Based at PETA’s Los Angeles office, which she established, Lange works closely with the group’s Hollywood supporters, including Joaquin Phoenix, Bill Maher, Anjelica Huston, Mike White, and Casey Affleck. She also networks with directors, producers, and writers, convincing them to incorporate animal-friendly messages into TV programs and movies. In 2012, she launched PETA’s Animals in Film and Television division, which works to protect animals used in productions and expose the abuse of animals in the entertainment industry.
In 2012, she launched PETA Latino, which—with its huge social media presence and bilingual website, PETALatino.com—is the preeminent animal rights resource for the Latino community. Alongside celebrities like Kate del Castillo, Patricia De León, and Dulce María, the group’s massive campaign against bullfighting has led to groundbreaking bans on the blood sport in Colombia as well as the Mexican states of Coahuila, Guerrero, Quintana Roo, Sinaloa, and Sonora. Other major PETA Latino victories include successfully pushing for a ban on wildlife exhibitions in Quintana Roo and exposing horrific cruelty at a laboratory in Colombia, leading to its closure and the rescue of nearly 300 animals.

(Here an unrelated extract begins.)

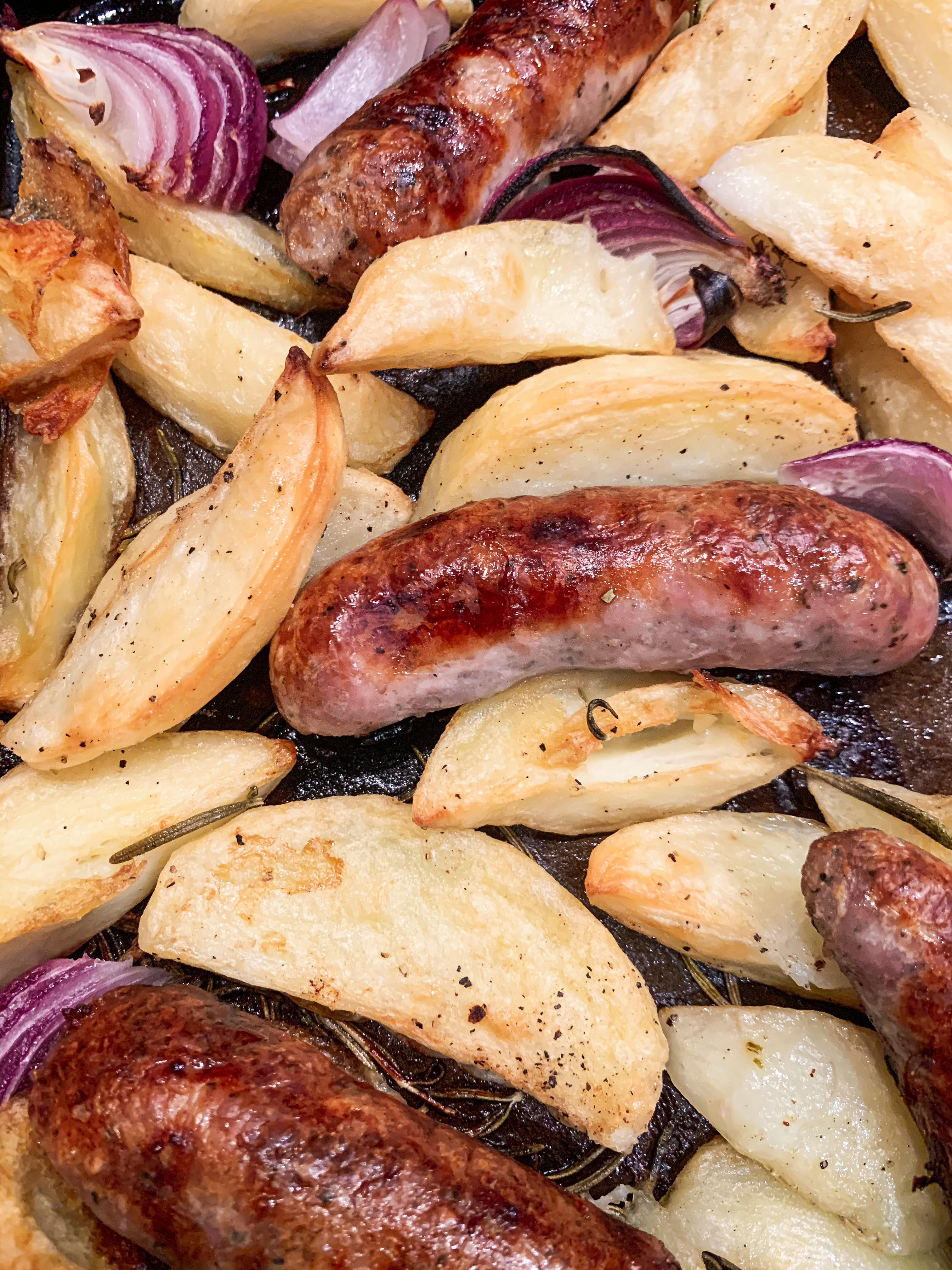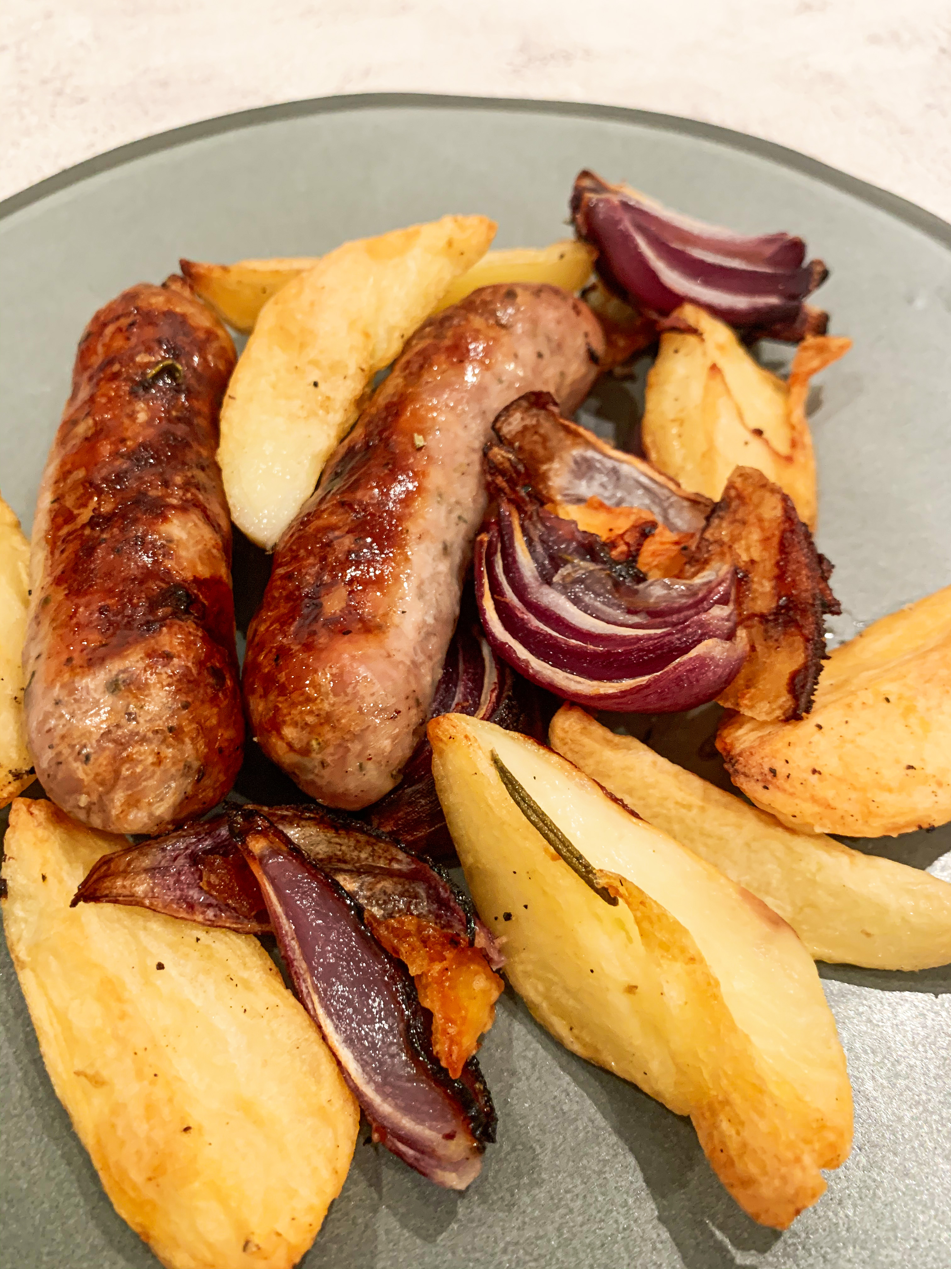 Simple Sausages with Roasted Potato & Onion Wedges (Serves 1)

Lange leads PETA’s efforts to prevent the trapping and killing of coyotes. In 2017, she led PETA’s lawsuit against Arcadia, California, to stop the city’s plan to use cruel neck and leg snares in order to trap and kill coyotes. And in 2023, she helped convince the Pasadena City Council in California to adopt a humane coyote management plan and to avoid cruel, ineffective, and expensive lethal methods. In support of a petition that PETA filed in 2024, Lange and other PETA representatives urged California state authorities to ban gassing coyotes to death and prohibit private trappers from trapping and killing coyotes on public land.

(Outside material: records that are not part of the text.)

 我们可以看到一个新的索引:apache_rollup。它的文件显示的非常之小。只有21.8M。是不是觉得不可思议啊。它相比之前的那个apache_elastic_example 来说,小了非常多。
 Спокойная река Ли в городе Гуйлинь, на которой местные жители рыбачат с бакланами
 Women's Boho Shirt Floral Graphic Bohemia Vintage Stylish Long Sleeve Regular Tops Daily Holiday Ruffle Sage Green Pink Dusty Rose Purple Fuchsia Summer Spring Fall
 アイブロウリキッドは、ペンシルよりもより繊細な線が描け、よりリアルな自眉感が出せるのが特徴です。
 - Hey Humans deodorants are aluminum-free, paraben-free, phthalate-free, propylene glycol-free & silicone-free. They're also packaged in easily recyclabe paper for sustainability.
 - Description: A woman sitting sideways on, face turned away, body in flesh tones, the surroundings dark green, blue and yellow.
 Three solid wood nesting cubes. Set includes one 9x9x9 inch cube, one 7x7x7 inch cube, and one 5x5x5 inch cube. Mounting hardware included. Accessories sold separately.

A gifted speaker, she often represents PETA in the media and has been quoted by the Los Angeles Times, NPR, The Daily Show, and CNN.

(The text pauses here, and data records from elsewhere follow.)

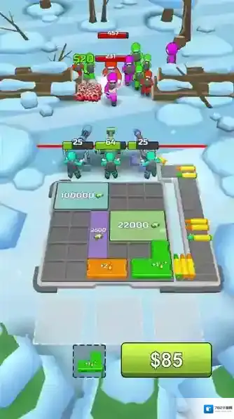 A:通过击败敌人获取金币,购买武器箱并进行合并,可合成更高阶子弹。同时升级军火库能永久增强基础火力与射速。
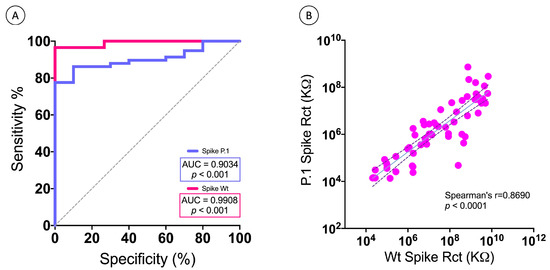 Comparison between the detection accuracy of anti-S antibodies by the developed FTO-ZnONRs/spike WT and the FTO-ZnONRs/spike P.1 immunosensors. (A) Receiver Operator Characteristic (ROC) curve comparison between the WT and P.1 immunosensors. (B) Correlation between the WT and P.1 immunosensors. Electrolyte: solution of 5 mmol L−1 K4Fe(CN)6 /K3Fe(CN)6 in 0.1 mol L−1 KCl.
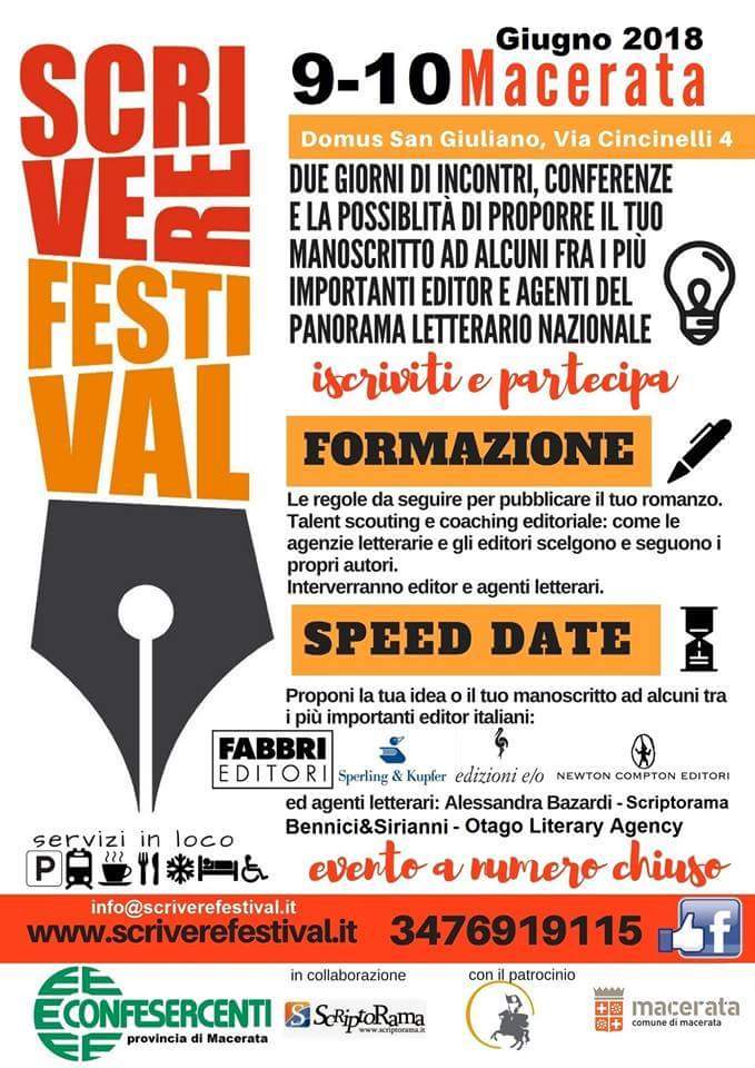 MACERATA – Torna a Macerata, sabato 9 e domenica 10 giugno nella cornice della Domus San Giuliano, “Scrivere Festival”, la rassegna letteraria giunta quest’anno alla quarta edizione, organizzata dall’associazione di categoria Confesercenti della provincia di Macerata, curata dagli scrittori Jonathan Arpetti e Christina Assouad. L’evento vede il patrocinio della Regione Marche, Comune di Macerata e Università degli Studi di Macerata. “Scrivere Festival” è dedicato principalmente a chi ama scrivere e a tutti gli scrittori che vorrebbero vedere pubblicata la propria opera, oppure migliorata e valorizzata. Si tratta di una manifestazione unica nel suo genere, dove gli iscritti avranno la possibilità di proporre la loro idea di romanzo e i loro manoscritti a importanti editor e agenti letterari italiani, con la formula dello speed date. Quest’anno saranno presenti editor delle case editrici Rizzoli, Sperling&Kupfer, edizioni e/o, Newton Compton mentre le agenzie letterarie saranno Bennici&Sirianni, Scriptorama, Otago e Alessandra Bazardi literary Agency. Questa formula è una caratteristica peculiare della manifestazione poiché consente ai partecipanti di confrontarsi direttamente, in un faccia a faccia, con gli addetti ai lavori e verificare in tempo reale la validità della loro idea di romanzo.

Lange’s involvement in animal rights began when she went vegetarian as a teenager after seeing how animals are abused for meat. Before joining PETA, she organized anti-captivity campaigns for a marine-mammal conservation organization in California. She graduated cum laude with a degree in political science from Loyola University New Orleans.
Daphna Nachminovitch
Senior Vice President of Cruelty Investigations
As the senior vice president of PETA’s Cruelty Investigations Department, Daphna Nachminovitch has overseen countless cruelty cases and many eyewitness investigations. Her staff fields hundreds of calls every week from concerned complainants around the world.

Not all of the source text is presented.